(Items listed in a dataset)
++++++++++
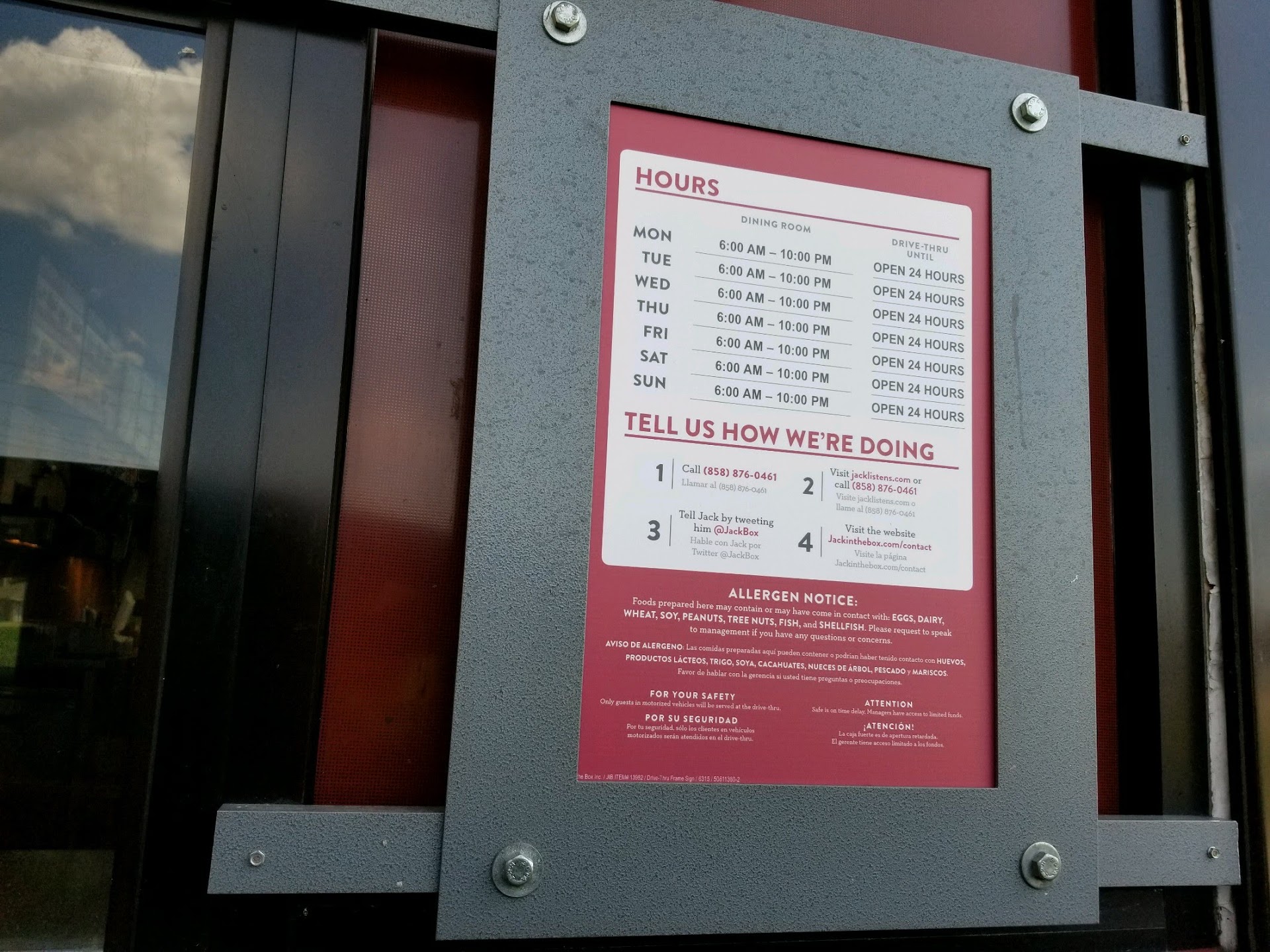 Read moreSo... My girlfriend and I went there after a night out. Let it be known, I've been to this location several times and never had a problem. Ever. In the past, I would've rated this place 3 or 4 stars but this past time, the disappointment was just too unforgiving. Upon arriving, there was a decent line. Nothing out of the ordinary. We get to the call box and it's broken with a sign over it saying to drive through (which wasn't clear). After sitting there for 30 MINUTES, we get up to the window and order. The very first thing I say is, "so what are y'all giving out for free because of this?" All they could do was laugh and said, "NOTHING." Really? Nothing? They explained that they have a sign up that says to drive on through and that its "not their fault" the call box isn't working. Wow... THEIR CALLBOX not working is not THEIR FAULT? THEIR as in Jack in the Box, obviously... So... The call box is not working and they have a sign up saying to drive on through. But wait... THERE IS ONLY ONE LANE! NO WAY AROUND! So EVERYONE is stuck there no matter what when a person orders at the window, and they can't give out SOMETHING free for the inconvenience? Pitiful... Like Jack in the Box is going to give them money for ever piece of food that they could've given out for free. Terrible customer service. I would've driven through if I could've and went to the BK across the street. Won't be bothering with these crap-shoots anymore. Take your...
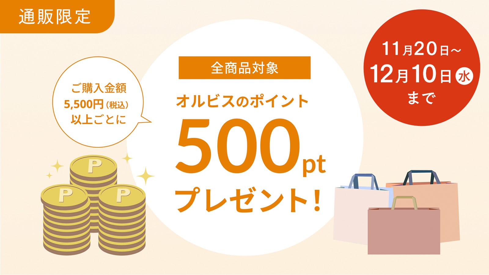 期間中、1回のご注文金額が5,500円(税込)以上*ごとに、次回のお買い物から使える500ptをプレゼント
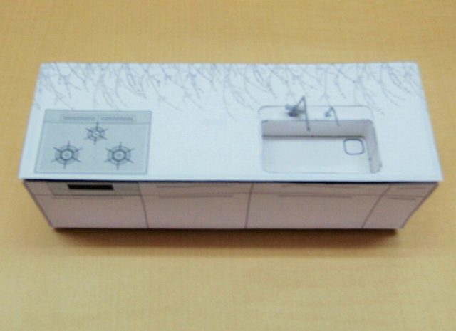 TOTO様のホームページよりペーパークラフトをダウンロードして組み立ててみましたシリーズです。今回は、システムキッチンのペーパークラフト模型です。
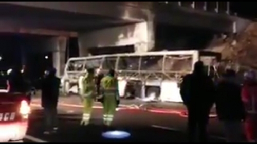 Η πυροσβεστική ανέφερε στον λογαριασμό της στο Twitter ότι το λεωφορείο τυλίχθηκε στις φλόγες μετά την πρόσκρουση. «Υπάρχουν πολλά θύματα», πρόσθεσε.
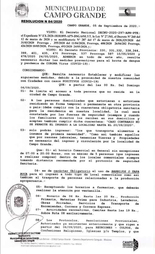El intendente de Campo Grande, Carlos “Kako” Sartori a través de la Resolución N° 84/2020 limita el acceso a toda persona que no resida en la localidad a partir de las 00 de este domingo. Sólo podrán ingresar los transportadores de alimentos o insumos de primera necesidad.
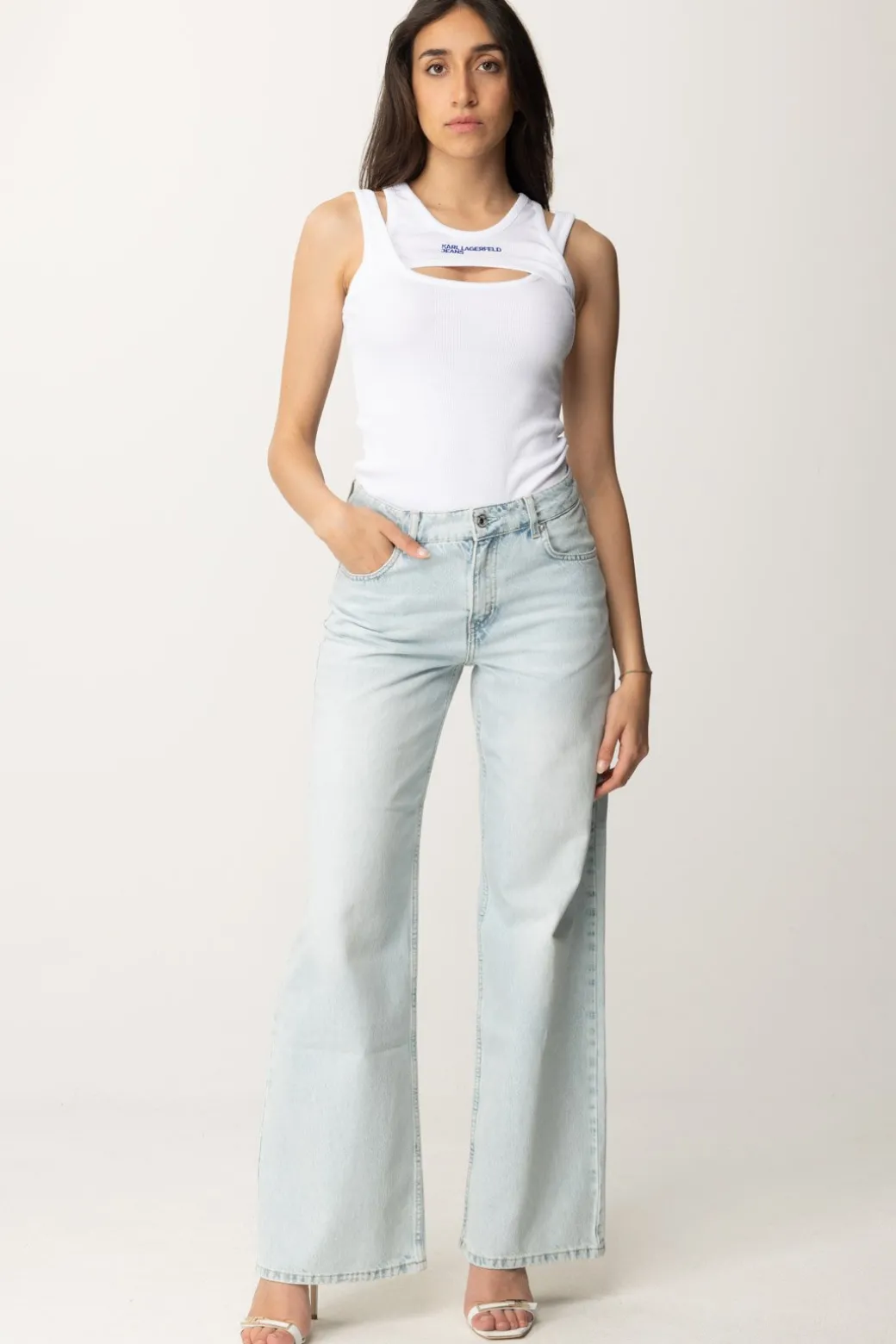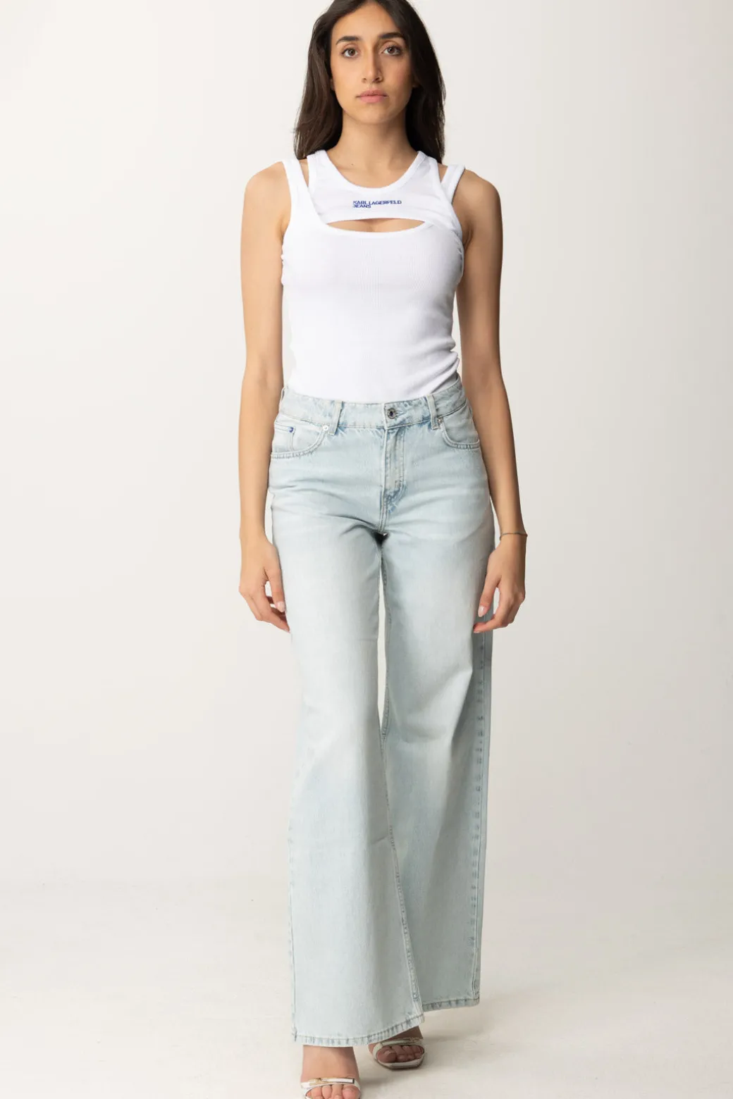 Canotta Karl Lagerfeld realizzata a costine, con bretelle sovrapposte e logo frontale in lettering ricamato. Semplice e sportiva, ideale come sotto giacca o sopra un paio di denim.
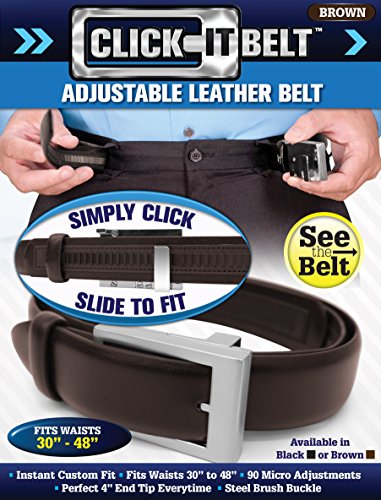 Studio : Emson Publisher : Emson Binding : Apparel Product Description As Seen on TV Click It Belt. Perfects for anyone with a size 28" - 48". This genuine adjustable leather belt and Steel brush buckle offer a timeless look Simply Click and slide to fit. Available in Black or Brown Color. 0
++++++++++
- [Problem description] Pick up at the line that holds "Η πυροσβεστική ανέφερε" and restate each line, word for word, through the last line of the entries. Include both end lines but none of the pictures.

- [Task result]
 Η πυροσβεστική ανέφερε στον λογαριασμό της στο Twitter ότι το λεωφορείο τυλίχθηκε στις φλόγες μετά την πρόσκρουση. «Υπάρχουν πολλά θύματα», πρόσθεσε.
El intendente de Campo Grande, Carlos “Kako” Sartori a través de la Resolución N° 84/2020 limita el acceso a toda persona que no resida en la localidad a partir de las 00 de este domingo. Sólo podrán ingresar los transportadores de alimentos o insumos de primera necesidad.
 Canotta Karl Lagerfeld realizzata a costine, con bretelle sovrapposte e logo frontale in lettering ricamato. Semplice e sportiva, ideale come sotto giacca o sopra un paio di denim.
 Studio : Emson Publisher : Emson Binding : Apparel Product Description As Seen on TV Click It Belt. Perfects for anyone with a size 28" - 48". This genuine adjustable leather belt and Steel brush buckle offer a timeless look Simply Click and slide to fit. Available in Black or Brown Color. 0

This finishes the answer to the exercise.